К XIII в. читающая публика на Западе привыкла к тому, что изображения являются не менее важным выражением идей и источником вдохновения, чем текст. Менялась и сама публика: книга вышла из монастыря и постепенно находила нового читателя среди молодых клириков, учившихся в соборных школах, и в кругу светской элиты, все более тянувшейся к знаниям. Постоянное упражнение памяти во время учебы вырабатывало у школяров особые навыки зрительного восприятия. Даже буквы, как это ни парадоксально звучит, были не просто абстрактными обозначениями звуков, складывавшихся в слова, но своего рода «изображением чтения». Это становится ясно из принадлежавшего Квинтилиану и повторенного в XII в. Гуго Сен-Викторским совета заучивать текст по одному кодексу, чтобы разница почерка не мешала запоминанию (32, 138). Гуго, едва ли не самый интересный педагог XII столетия, был не новатором, а скорее Квинтилианом своего времени. В своей дидактике он активно использовал изображения, в частности «диаграммы», ставшие характерной особенностью иллюстрированной науки того времени (113), но хорошо известные и ранее: деревья, лестницы, круги, колонки, генеалогические таблицы и карты. Все они имели свои названия в средневековой латыни: arbor, scala, rota, canon, mappamundi. Свести в единое целое отрывочные знания о мире и его истории, наглядно представить систему наук, создать зерцало добродетелей и пороков, изучая которое читатель мог сделать свой выбор между добром и злом, – для этих целей «диаграммы» стали незаменимы, будучи прекрасным подспорьем для текста.

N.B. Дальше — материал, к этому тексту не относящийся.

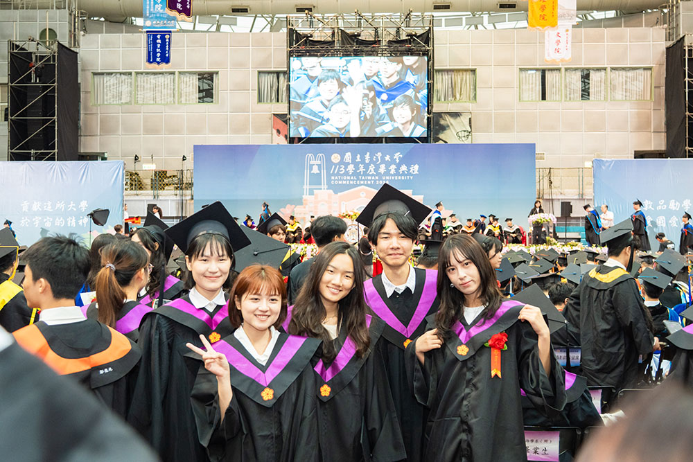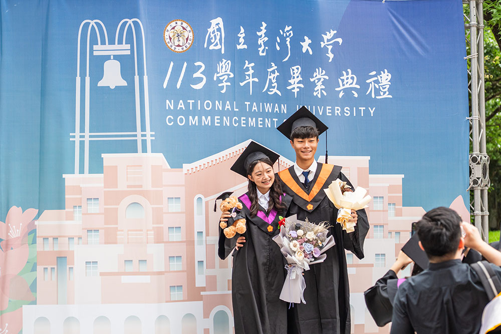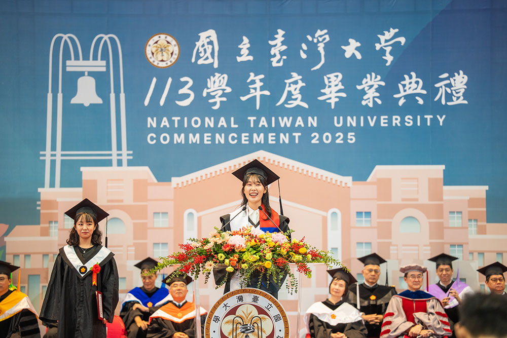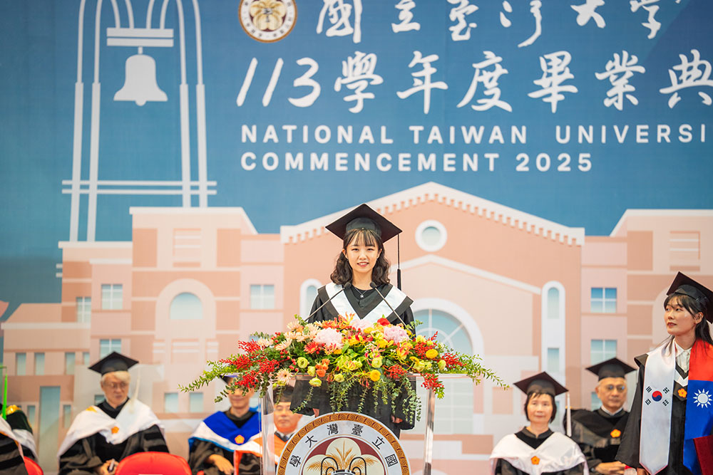 另外,今年本地生及國際生的畢業致詞代表分別為歷史系雙主修校學士的戴薇珊,以及中國文學系來自韓國的宋美娜 (Mina Song)。戴薇珊於致詞時表示,她跟大家一樣,進到臺大後不斷挑戰自己的舒適圈,從歷史系到校學士的跨領域學習,從文學到商業管理等。每次嘗試都發現自己新的一面,正是這樣多元且不設限的經歷,無論成功失敗,都讓生命變得豐富。她說,在大學生活裡勇於嘗試,並有接受失敗的勇氣是更為珍貴的,若畢業生們未來遇到挑戰讓人感到迷茫時,就回想當初在學校時的初心。

Но повторим: то, что может показаться особенностью искусства и образа мышления XII–XIII вв., на самом деле существовало гораздо раньше. Все новое, что создавалось тогда европейской культурой, всегда было творческим развитием или, если угодно, возрождением наследия прошлого, иногда, может быть, очень отдаленного. Древние символы, геометрические фигуры или предметы, существующие в природе, начинали жить новой жизнью, выстраивались заново, получали совершенно иное значение: концентрические круги античной астрономии становились жилищем семи даров Святого Духа или семи скорбей Богоматери, солнечный диск освещал сцену Пятидесятницы, Древо жизни под пером св. Бонавентуры превращалось в схоластическую схему.
Это жизнь художественных форм, за которой стоит многовековой процесс изменения форм мышления, никогда не порывавших со своими истоками. За много веков до Гуго Сен-Викторского другой педагог – Кассиодор – уже использовал диаграммы в своих лекциях. Тогда же, в VI в., автор «Устава Бенедикта», основополагающего для истории западного монашества, расположил восхождение праведника к Богу по двенадцати ступеням лествицы смирения, подобной той, которая явилась во сне Иакову (VII 22–28). Каждому явлению мироздания, каждому человеческому качеству и поступку нужно было найти «место», подобное тому, которое искал начинающий римский оратор, следуя суховатым наставлениям «Риторики к Гереннию». Как только такое место находилось, явление становилось частью всеобщего гармоничного миропорядка, даже если это явление не было благом: иерархии ангелов, как мы помним, противостояла иерархия демонов, добродетелям – пороки, семи свободным искусствам – оккультные науки, а пророкам и святым на порталах – монстры на стенах и капителях.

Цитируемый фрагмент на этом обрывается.